Милий Езерский - Сила земли
Сервий загляделся на детей: в коротких туниках, босиком, они играли в мяч, скакали на палках, изображавших лошадь, играли в чёт и нечет, бросая вверх монету с головой Януса на одной стороне и кораблём на другой. Их пронзительные крики оглушали прохожих.
Возле Палатина[89] Сервий остановился. На перекрёстке улиц, на откосе рва сидели мальчики и хором произносили:
— Один да один — два, два да один — три, три да один…
Худощавый учитель, с линейкой в руке, прохаживался взад и вперёд. Внезапно он крикнул: «Молчать!» — и стал быстро задавать вопросы. Один мальчик замешкался с ответом, и учитель, вытащив его на середину улицы, обхватил поперёк туловища. Замелькала линейка, и пронзительные крики разнеслись далеко по улице.
— Так сколько же будет шесть да два? — кричал учитель, не отпуская ученика.
— Семь!
— Семь! Так получай же ещё!
И новые удары сыпались на вопившего мальчика.
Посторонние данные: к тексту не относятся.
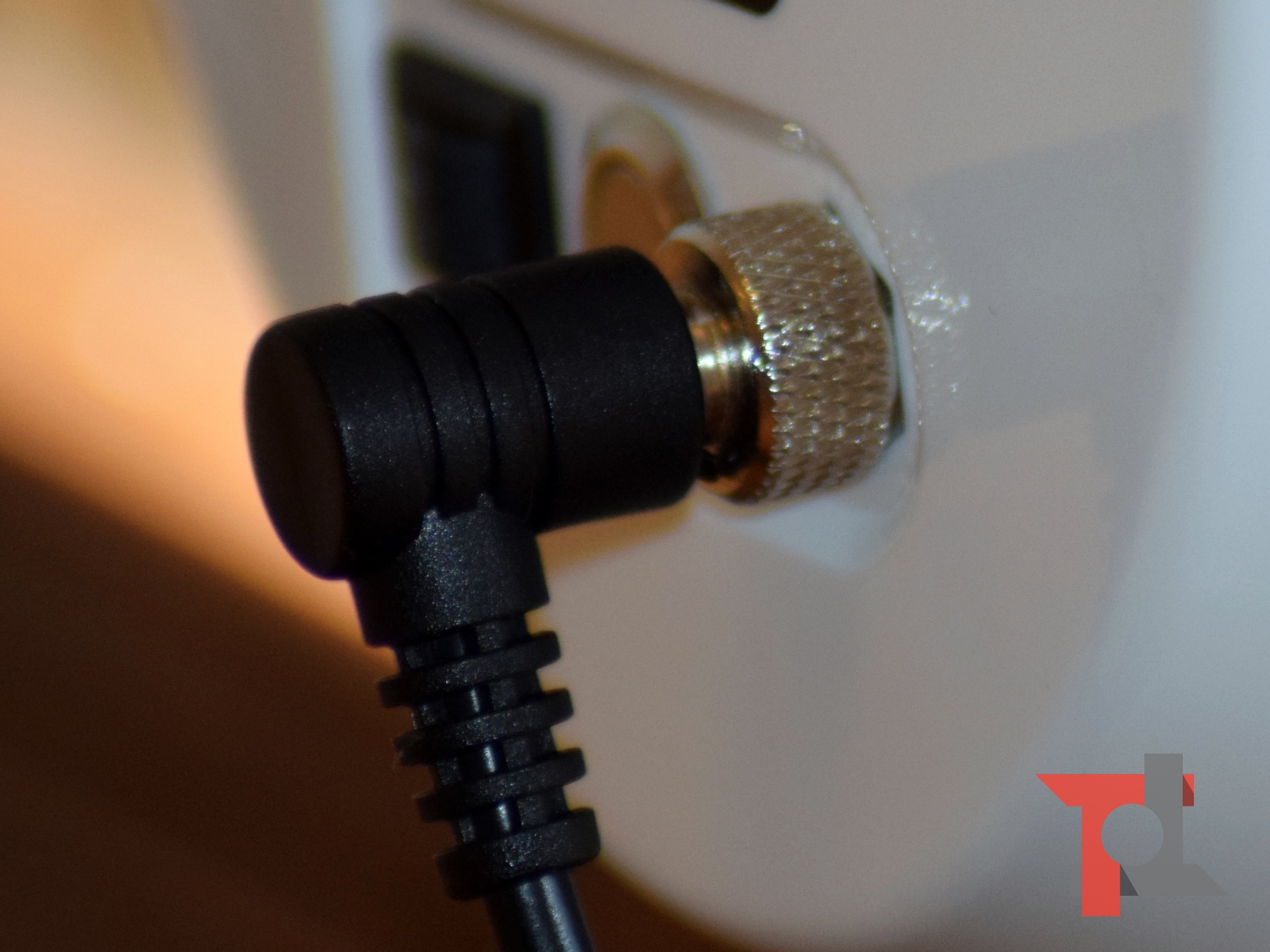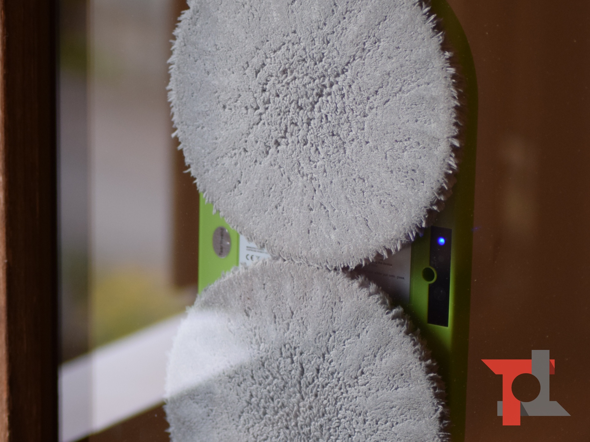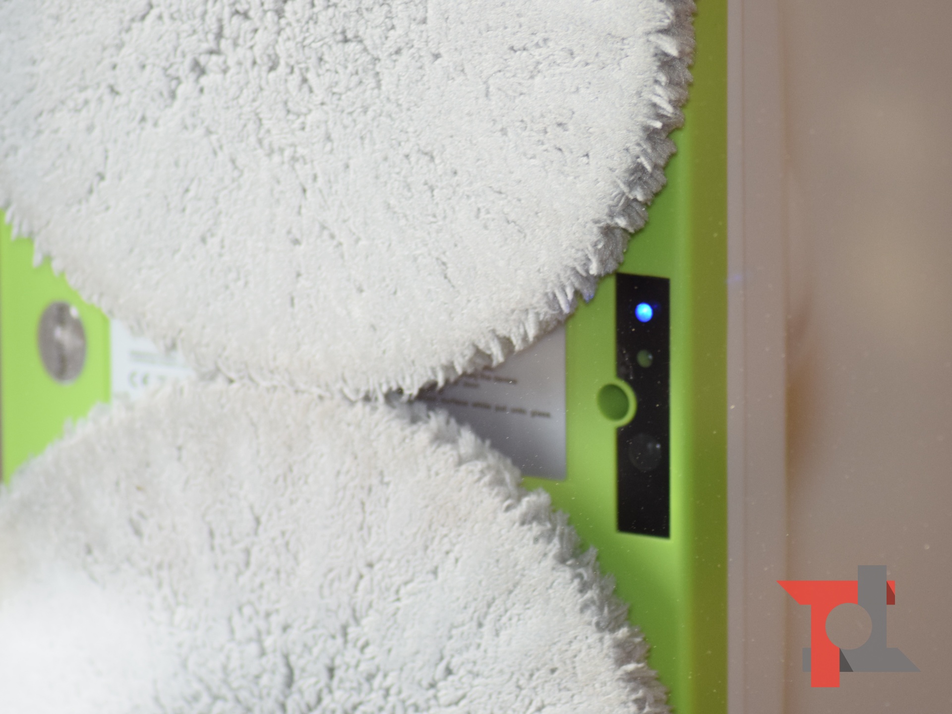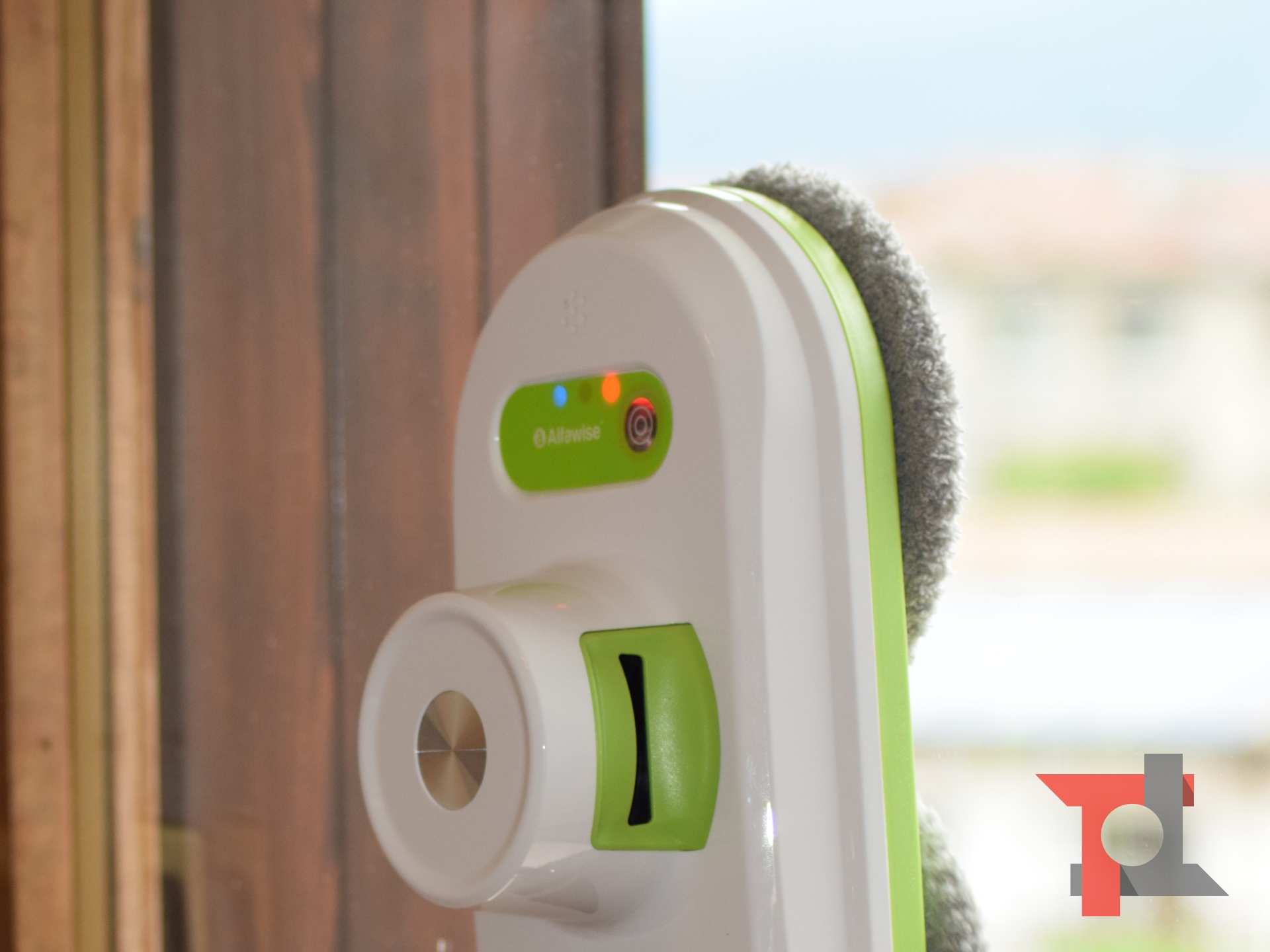 Dopo aver fissato la corda di sicurezza, dovrete collegare il cavo di alimentazione, che è tenuto in posizione da un sistema a vite che ne impedisce lo sgancio. È sufficiente premere il pulsante di accensione e appoggiare il robot al vetro da pulire per vederlo rimanere appeso senza problemi. Ora potrete utilizzare il telecomando o, più semplicemente, premere il pulsante argentato a fianco del tasto di alimentazione.

Недалеко от форума Сервий опять остановился: из богатого дома доносились нечеловеческие крики. Какой-то прохожий равнодушно сказал:
— Должно быть, секут раба.
А какой-то шутник прибавил:
— Чем больше секут, тем неуязвимее кожа.
Наконец Сервий дошёл до Субурры[90]. Слева возвышался в зелени кустов Виминал[91] справа виднелись благоухающие сады Эсквилина[92].
Субурра не изменилась со времени войны с Карфагеном: так же бросались с лаем на прохожих собаки, те же цирюльники, башмачники, портные, продавцы кнутов на порогах своих лавок, те же угодливые, подобострастные слова, обращённые к прохожим.
Он без труда нашёл хижину, в которой некогда жил старый Афраний со старухой.
«Умерли, наверное, — думал Сервий. — Кто живёт на их месте? Родни, кажется, у них не было».
Он остановился перед полуоткрытой дверью и не решался войти, боясь наткнуться на свирепого жильца или пьяного ремесленника. Наконец он толкнул дверь.
Вглядевшись, Сервий всплеснул руками:
— Хвала Юпитеру! Дедушка Афраний, ты жив? О боги…
Со слезами на глазах он бросился к старику, сидевшему у очага, и, обнимая его, шептал:
— Жив… здоров… Хвала богам!.. А я так боялся, что никого здесь не найду!.. А хозяйка — жива?
Афраний вглядывался в него:
— Кажется, Сервий… Или я ошибаюсь… Память стала не та…
— Сервий, дедушка, Сервий…
— А старуха моя жива — ещё бегает. К соседке побежала за огоньком… Ведь у нас не храм Весты[93] чтобы горел неугасимый огонь, — пошутил Афраний и тут же спросил, где Марий, Тит, Маний, отчего нет от них вестей и почему он, Сервий, пришёл в Рим.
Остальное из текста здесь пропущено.